Although the Yale Center for British Art is scheduled to close for renovations in January, it will continue to display some of its most famous works by collaborating with the Yale University Art Gallery.

Expanding on the first phase of the Center’s “Building Conservation Project” that took place in the summer and fall of 2013, the upcoming renovations will begin this winter and involve refurbishment of the building’s lecture hall and gallery spaces on the second and fourth floors. The project will also include various infrastructural improvements, such as upgrades to electrical, mechanical, plumbing and telecommunications systems. Constance Clement, deputy director of the center, said that the project will encompass renovations on a larger scale than anything previously undertaken at the center.

“It’s a really complex and comprehensive project,” Clement said. “It’s going to be challenging, but everyone is excited about the fact that we’ll be able to completely rehang the collection when it’s all over, and to see the collection in new ways.”

The center will be closed to the public until the project’s scheduled completion in February 2016, though select access to certain collections and resources will continue on an appointment-only basis.
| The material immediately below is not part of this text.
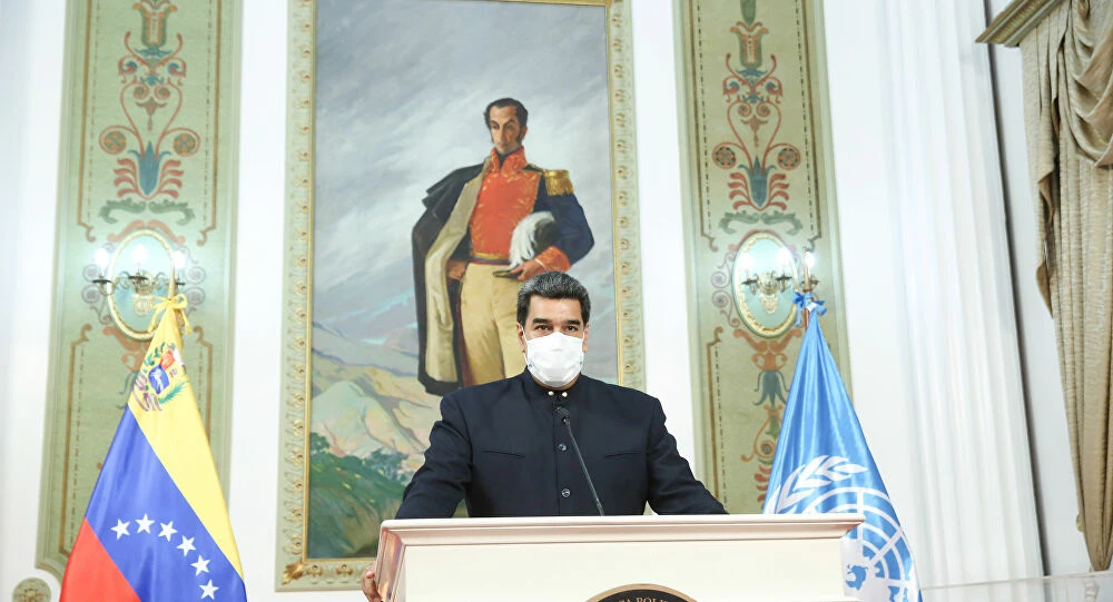 Tổng thống Venezuela Nicolas Maduro đeo khẩu trang và phát biểu tại cuộc họp trực tuyến với Liên Hợp Quốc. Ảnh: SPUTNIK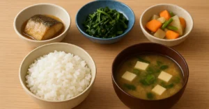 納豆和えとしいたけの味噌汁 とか

Through collaborations with the gallery, visitors will also be able to view a number of objects from the YCBA collection that will be featured alongside pieces from the gallery in an exhibition titled “The Critique of Reason: Romantic Art, 1760–1860.” In addition, several dozen center-owned works will be incorporated into the YUAG’s European Painting galleries.

Lisa Hodermarsky, a curator of prints and drawings at the YUAG who worked on assembling the “Critique of Reason” exhibit, explained that collaboration between the two institutions began with discussions of ways to keep much of the YCBA’s core collection on view, amid the center’s need to close for renovations.

“A lot of our ‘greatest works,’ including works by Turner and Stubbs and Constable and Blake, will be in [‘The Critique of Reason’],” said the YCBA’s Deputy Director of Collections Scott Wilcox.

Opening in March, “The Critique of Reason,” will be the first-ever major exhibition co-organized by the two institutions, Hodermarsky said, adding that the show will bring together over 350 objects across a wide variety of media, including medals, lithography and examples of early photography. Cassandra Albinson, the YCBA’s curator of paintings and sculpture and another of the exhibition’s curators, added that roughly 70 paintings and an approximately equal number of “works on paper” from the center’s collection will also be featured in the exhibition. Artists represented will include Joseph Mallord William Turner, William Blake and Francisco de Goya.

Jock Reynolds, director of the YUAG, said that the gallery’s recent renovations have given them an understanding of the challenges involved in keeping collections on display while exhibition spaces are under construction. He added that several of the gallery’s curators suggested that a collaborative exhibition could combine some of the most important works from both institutions.

In addition to those works featured in “The Critique of Reason,” a collection of approximately two-dozen objects from the center will be integrated into the YUAG’s galleries of European painting, said Laurence Kanter, the YUAG’s chief curator of European art. He noted that though the list of objects to be featured in the galleries has not yet been finalized, it is likely to include works by Peter Paul Rubens, George Stubbs and Thomas Gainsborough. Kanter added that if the YCBA’s conservation project remains on schedule, works from the center’s collection will be on view at the YUAG through November 2015 before moving back to the YCBA for reinstallation.

Wilcox said he thinks that integrated display of pieces from both collections could change the way visitors typically experience objects from the YCBA’s collections, adding that because the center specializes in art from a single national school, it often looks for ways to present its objects in a broader context.

“Our French paintings always hang more or less next to one another, and the YCBA’s British paintings always hang more or less next to one another, and so by virtue of this hanging in a new context, we hope people will come away with a new way of looking at and thinking about these objects,” Hodermarsky said.

YCBA Director Amy Meyers said she hopes that the partnership between the two institutions will lead to future collaborations.

“The Critique of Reason: Romantic Art, 1760–1860” will open on March 6, 2015.